Speaking only for myself, I wish Republicans would hush up about impeachment and Watergate and start talking about something else: abolishing the IRS. (Gene Healy, one of my favorite columnists, has less of a problem with using the I-word.)

President Obama is a big believer in the force of his own personality. But without the structures of big government there is no way he can carry out his transformation. Without the IRS, ObamaCare is impossible to administer. But abolishing the IRS isn’t just a notion of how to thwart the president. It is something that should have been done already.  

The IRS is more powerful than any agency should be in a free republic. The IRS’ harassment of conservative organizations, drawing out the time it took them to get tax exempt status, in some instances causing them to fold, was a way of silencing dissent. This is not how successful democracies work. Cal Thomas writes:

The testimony that came out of the recent House Ways and Means Committee hearing is just a part of what constitutional attorney John W. Whitehead writes about in his new book, "A Government of Wolves: The Emerging American Police State." It sounds alarmist, but reading it should sound an alarm for every American.

The summary on the book jacket says Whitehead "paints a chilling portrait of a nation in the final stages of transformation into a police state." Examples include the growing number of "surveillance cameras, drug-sniffing dogs, SWAT raids, roadside strip searches, blood draws at DUI checkpoints, drones, GPS tracking devices, zero tolerance policies, over-criminalization, and free speech zones."

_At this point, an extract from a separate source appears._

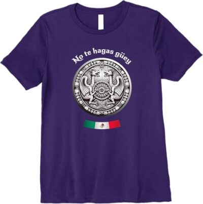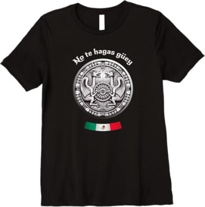 Bold and Proud Design: Featuring the phrase “No Te Hagas Güey” alongside Aztec cultural elements, this design celebrates the rich history and pride of Mexican and Chicano culture, perfect for those who embrace their heritage with confidence.

In his introduction to the book, writer and First Amendment authority Nat Hentoff says: "… I believe we are in a worse state now than ever before in this country. With the surveillance state closing in on us, we are fighting to keep our country free from our own government."

Like most tyrannies, this one is being ushered in with a smile. The public is told it is for our "security" and that it's good for us. With taxation, we are told the government "needs" our money and if we complain they are taking too much and wasting it, we're thought to be "greedy" and "unfair."

Strong words, and unlike Whitehead, quite a few of us have no problem with DUI tests and cameras (think how they helped to find the Boston Marathon bombers).

Nevertheless, the current IRS scandal lays bare a threat to our way of life. Another point worth emphasizing: both the IRS scandal and the press scandal (which gets bigger by the day—here and here) are about the same thing: quashing free speech.  Liberty. The IRS is furthermore the enforcer of a tax system that is in desperate need of reform and will soon be running the nation’s health care system—with a little help from the Department of Health and Human Resources.